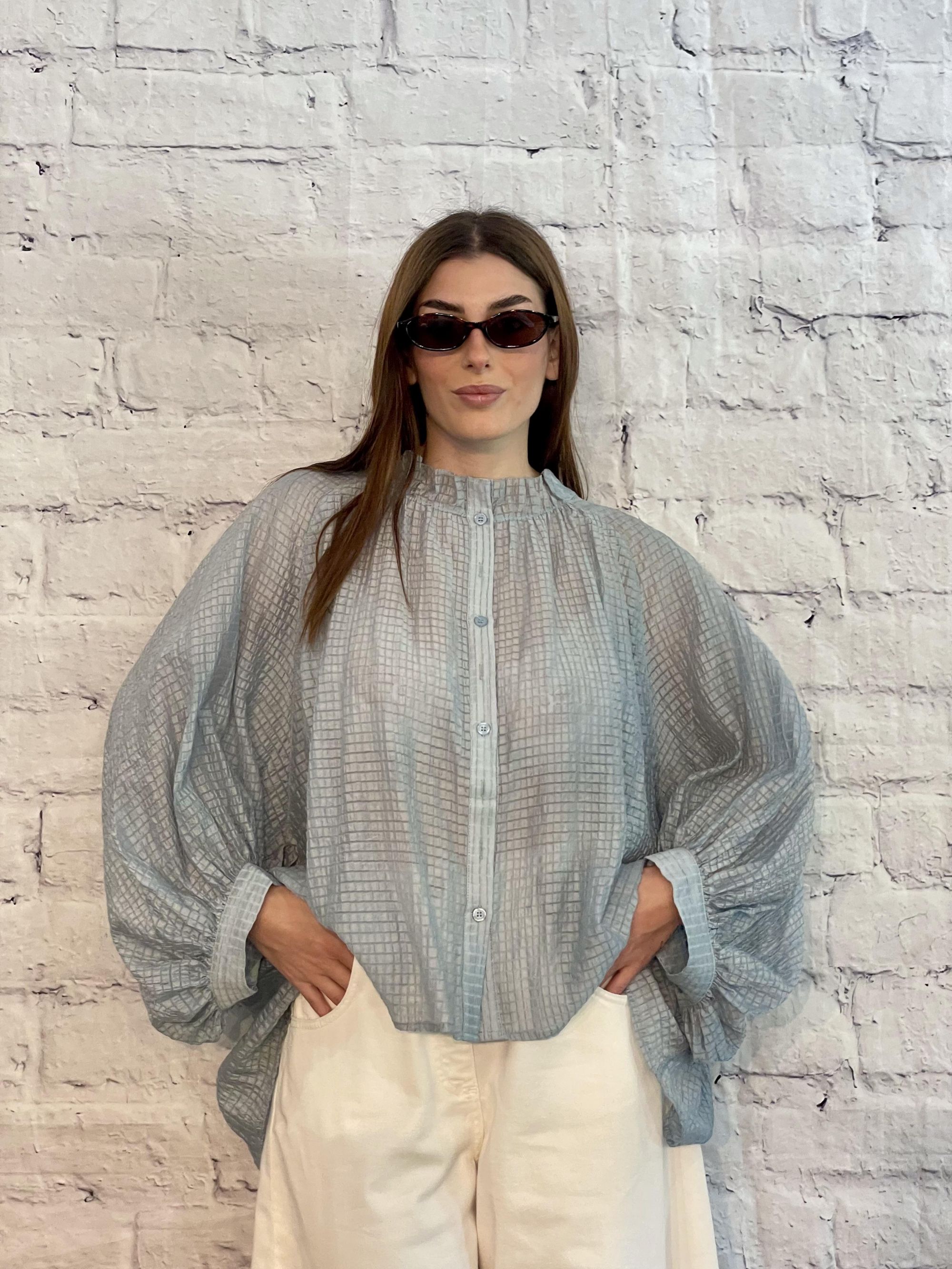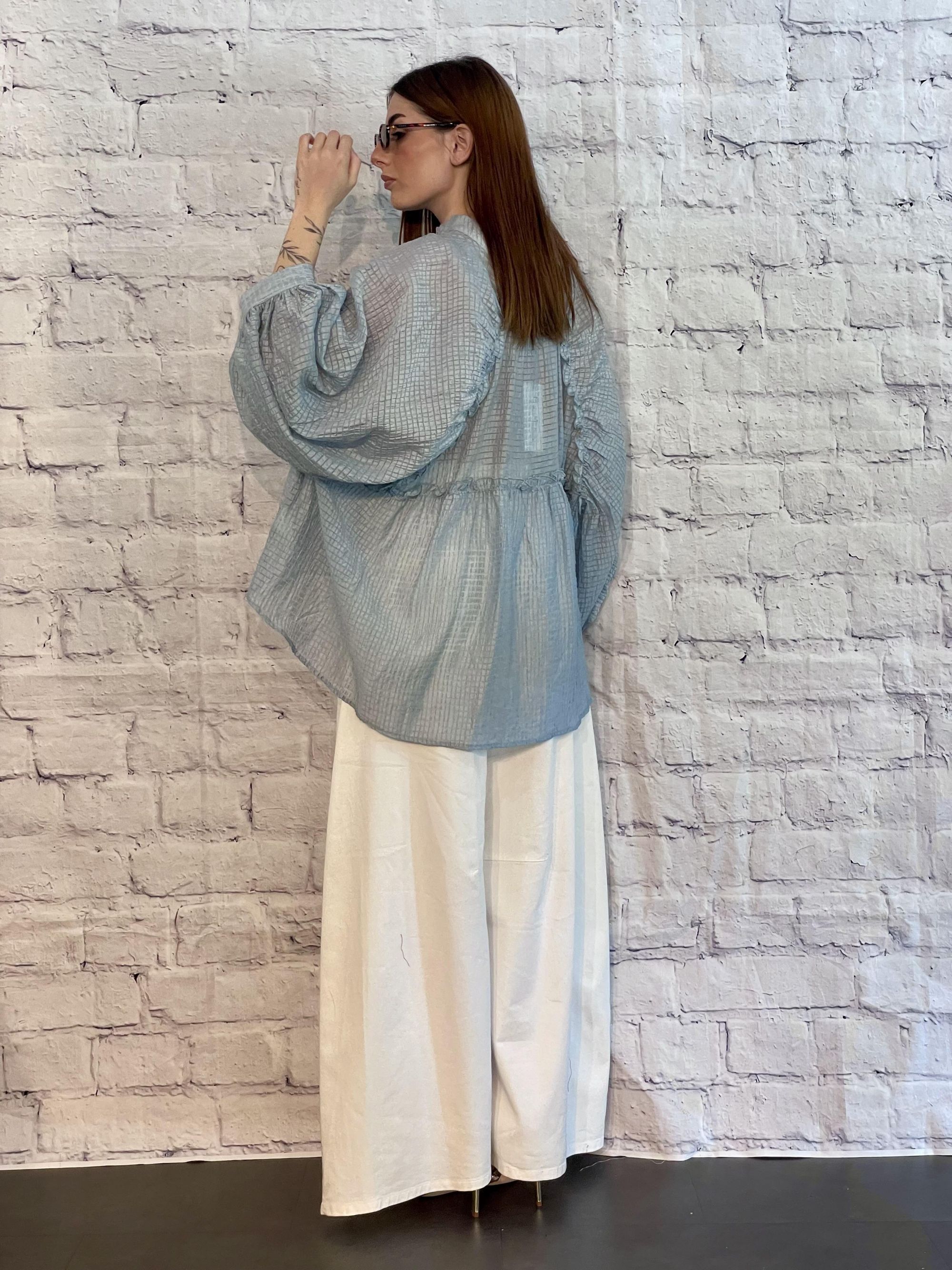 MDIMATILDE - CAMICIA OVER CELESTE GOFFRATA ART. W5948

* * *

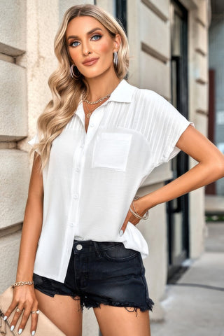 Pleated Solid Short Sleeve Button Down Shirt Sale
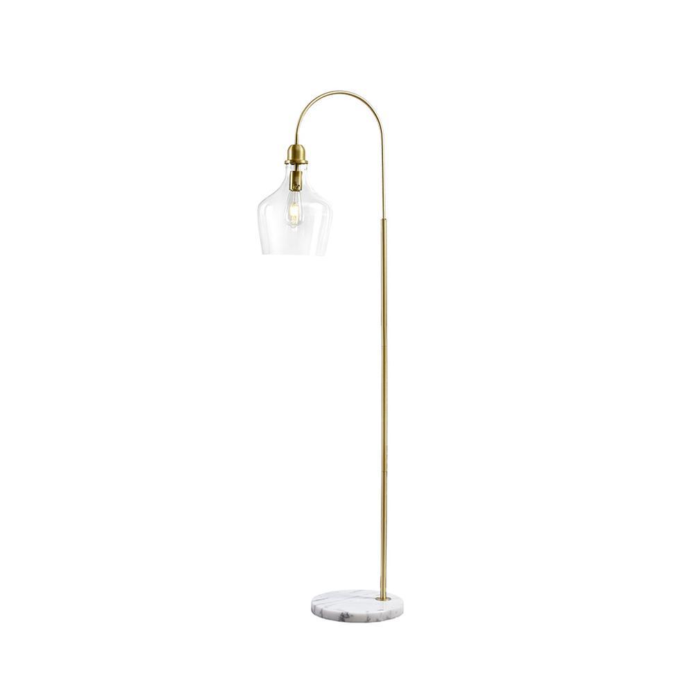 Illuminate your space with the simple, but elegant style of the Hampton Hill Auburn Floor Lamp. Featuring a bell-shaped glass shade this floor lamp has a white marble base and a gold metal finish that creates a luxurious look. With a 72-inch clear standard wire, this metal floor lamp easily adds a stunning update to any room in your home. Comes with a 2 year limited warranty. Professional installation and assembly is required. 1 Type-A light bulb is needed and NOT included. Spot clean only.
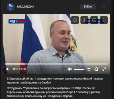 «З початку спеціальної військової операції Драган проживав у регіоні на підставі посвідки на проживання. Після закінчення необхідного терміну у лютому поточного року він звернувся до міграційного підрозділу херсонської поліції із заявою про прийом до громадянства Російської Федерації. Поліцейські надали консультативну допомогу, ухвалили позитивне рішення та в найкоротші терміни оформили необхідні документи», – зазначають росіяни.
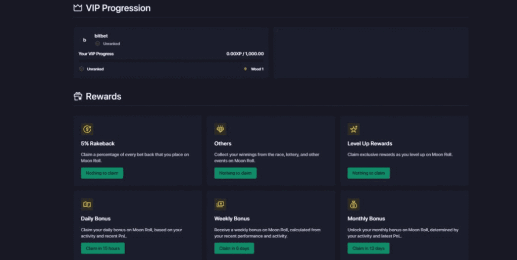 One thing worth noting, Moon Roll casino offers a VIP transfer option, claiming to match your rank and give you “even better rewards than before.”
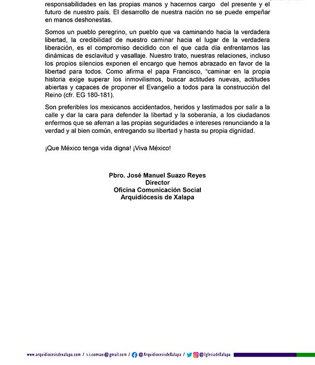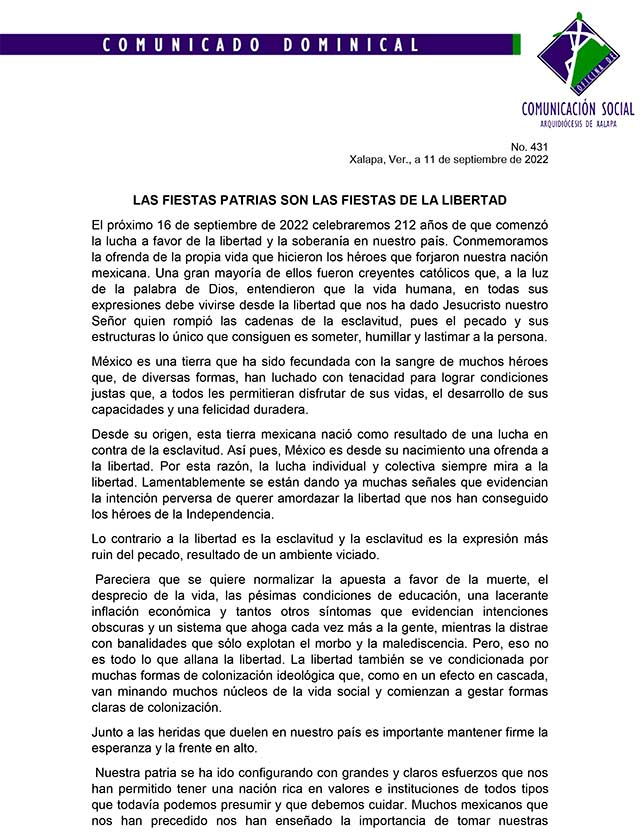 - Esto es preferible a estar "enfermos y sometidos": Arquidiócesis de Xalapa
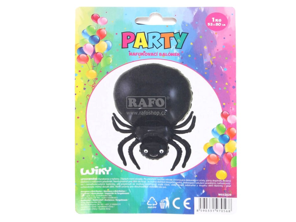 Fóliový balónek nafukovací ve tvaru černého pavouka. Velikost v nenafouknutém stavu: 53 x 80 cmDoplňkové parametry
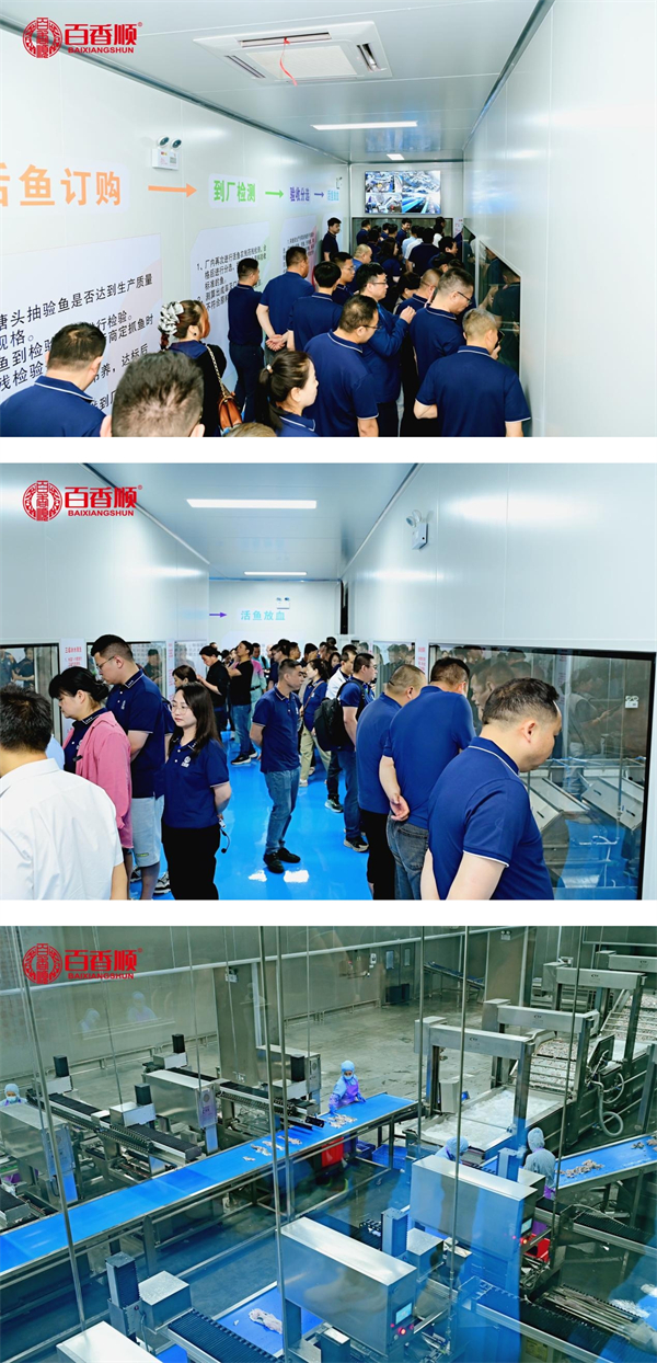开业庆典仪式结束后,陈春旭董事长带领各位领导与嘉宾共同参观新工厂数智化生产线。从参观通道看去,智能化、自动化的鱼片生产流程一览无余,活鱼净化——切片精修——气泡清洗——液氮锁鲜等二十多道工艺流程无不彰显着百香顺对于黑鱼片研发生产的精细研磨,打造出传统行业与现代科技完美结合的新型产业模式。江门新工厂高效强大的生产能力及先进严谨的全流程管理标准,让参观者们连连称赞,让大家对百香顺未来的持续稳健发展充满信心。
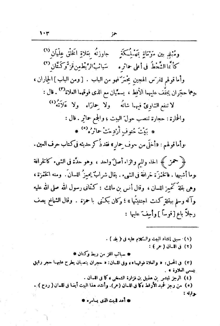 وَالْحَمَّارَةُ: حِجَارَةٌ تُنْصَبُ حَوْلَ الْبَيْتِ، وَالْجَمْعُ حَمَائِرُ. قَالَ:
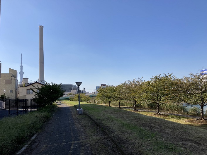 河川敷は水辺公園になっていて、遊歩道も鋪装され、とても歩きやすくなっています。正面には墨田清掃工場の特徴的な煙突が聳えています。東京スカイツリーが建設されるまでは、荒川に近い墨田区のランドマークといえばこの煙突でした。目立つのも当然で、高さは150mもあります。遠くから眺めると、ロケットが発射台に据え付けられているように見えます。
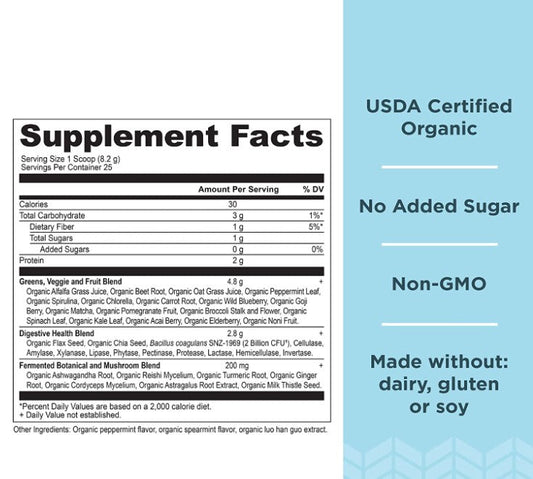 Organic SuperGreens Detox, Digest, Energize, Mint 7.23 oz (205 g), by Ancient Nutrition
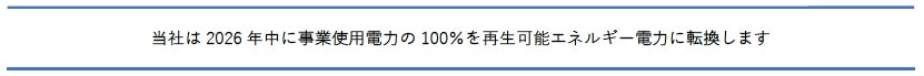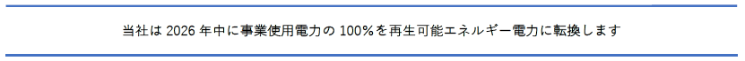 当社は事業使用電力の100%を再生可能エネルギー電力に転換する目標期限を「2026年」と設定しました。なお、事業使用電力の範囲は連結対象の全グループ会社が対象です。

*Instructions for the task*. Look above for the line containing "- Esto es preferible" and the line containing "Fóliový balónek nafukovací", then reproduce both and everything between them exactly, pictures omitted.

*Task output*.
 - Esto es preferible a estar "enfermos y sometidos": Arquidiócesis de Xalapa
 Fóliový balónek nafukovací ve tvaru černého pavouka. Velikost v nenafouknutém stavu: 53 x 80 cmDoplňkové parametry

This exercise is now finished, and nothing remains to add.